SRA_Fetch¶
Quick Facts¶
Workflow Type | Applicable Kingdom | Last Known Changes | Command-line Compatibility | Workflow Level |
---|---|---|---|---|
Data Import | Any taxa | PHB v2.2.0 | Yes | Sample-level |
SRA_Fetch_PHB¶
The SRA_Fetch
workflow downloads sequence data from NCBI's Sequence Read Archive (SRA). It requires an SRA run accession then populates the associated read files to a Terra data table.
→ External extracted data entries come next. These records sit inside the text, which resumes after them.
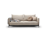 A comfortable family lounger that converts to bed at night featuring soft, functional cushion arms and large comfortable back cushions. Without compromising form and function, Malloy is the perfect lounge spot for friends and family. The soft, flexible upholstered arm and back cushion design provide an exceptional comfort. The neck pillow behind the voluminous cushions offers extraordinary back and neck support while seating, socializing, lounging or napping. This is enhanced by the soft Pocket Spring Dual comfort, the large seat depth and the optional ottoman developed for Malloy to create a chaise lounge. The seat is crafted on a sturdy metal frame that features a bedding box where beddings and blankets can be easily stored. As a bed Malloy measures 150 x 200 cm. For maximum comfort, add a top mattress and you will have a bed for everyday use.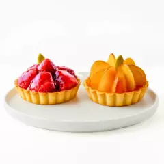 Mini tarta con base de masa crujiente, rellena de crema y frutas, fresa o durazno.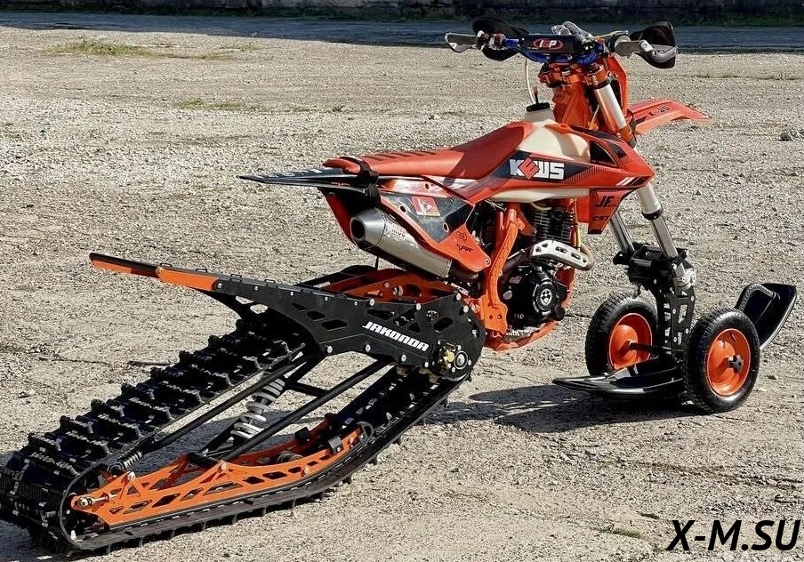 JAKONDА 123 от Snowbike — универсальный гусеничный комплект для внедорожных мотоциклов. Гусеничный мотоцикл (СНОУБАЙК) это, по сути, одноколейный снегоход. Вы получаете возможность продлить мото...
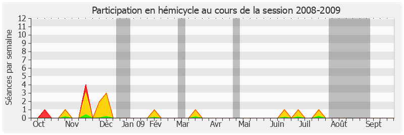 Présences enregistrées Participations Mots prononcés (x10000) Vacances parlementaires
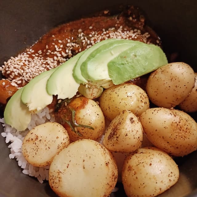 Este bowl es delicioso, tiene la porción exacta y la combinación perfecta de romeritos, con papas cambray, arroz, frijoles y aguacate. Nunca me habían gustado tanto los romeritos como estos que hicieron aquí por temporada navideña. Lo recomiendo mucho #granjitatyh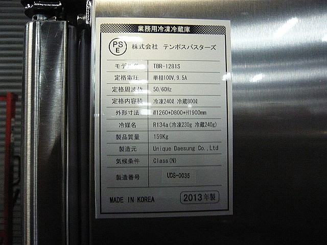 テンポスオリジナル 縦型冷凍冷蔵庫(1凍・3蔵)

Read files associated with the SRA run accession provided as input are copied to a Terra-accessible Google bucket. Hyperlinks to those files are shown in the "read1" and "read2" columns of the Terra data table.
Inputs¶
This workflow runs on the sample level.
Terra Task Name | Variable | Type | Description | Default Value | Terra Status |
---|---|---|---|---|---|
fetch_sra_to_fastq | sra_accession | String | SRA, ENA, or DRA accession number | Required | |
fetch_sra_to_fastq | cpu | Int | Number of CPUs to allocate to the task | 2 | Optional |
fetch_sra_to_fastq | disk_size | Int | Amount of storage (in GB) to allocate to the task | 100 | Optional |
fetch_sra_to_fastq | docker_image | String | The Docker container to use for the task | "us-docker.pkg.dev/general-theiagen/biocontainers/fastq-dl:2.0.4--pyhdfd78af_0" | Optional |
fetch_sra_to_fastq | fastq_dl_options | String | Additional parameters to pass to fastq_dl from here | "--provider sra" | Optional |
fetch_sra_to_fastq | memory | Int | Amount of memory/RAM (in GB) to allocate to the task | 8 | Optional |
The only required input for the SRA_Fetch workflow is an SRA run accession beginning "SRR", an ENA run accession beginning "ERR", or a DRA run accession which beginning "DRR".
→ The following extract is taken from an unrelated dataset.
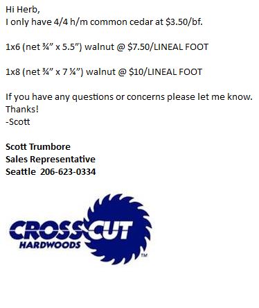 The cedar was 1.50/bf. That is the most I have paid for Cedar. Usually runs .85 to 1.00/ bf. The walnut was a stack he had that someone didn't pick up. It was about 300/bf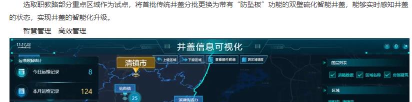井蓋,作為城市道路設(shè)施的一部分,承擔(dān)著重要的功能。為有效強(qiáng)化城市窨井蓋的安全可靠運(yùn)行、保障人民群眾的生命財(cái)產(chǎn)安全和城市管線功能正常運(yùn)轉(zhuǎn),清鎮(zhèn)市以“智慧城管”平臺為主要抓手,全面加強(qiáng)窨井蓋管理,試點(diǎn)先行智能井蓋。

Please see the NCBI Metadata and Submission Overview for assistance with identifying accessions. Briefly, NCBI-accessioned objects have the following naming scheme:
STUDY | SRP# |
---|---|
SAMPLE | SRS# |
EXPERIMENT | SRX# |
RUN | SRR# |
Outputs¶
Read data are available either with full base quality scores (SRA Normalized Format) or with simplified quality scores (SRA Lite). The SRA Normalized Format includes full, per-base quality scores, whereas base quality scores have been simplified in SRA Lite files. This means that all quality scores have been artificially set to Q-30 or Q3. More information about these files can be found here.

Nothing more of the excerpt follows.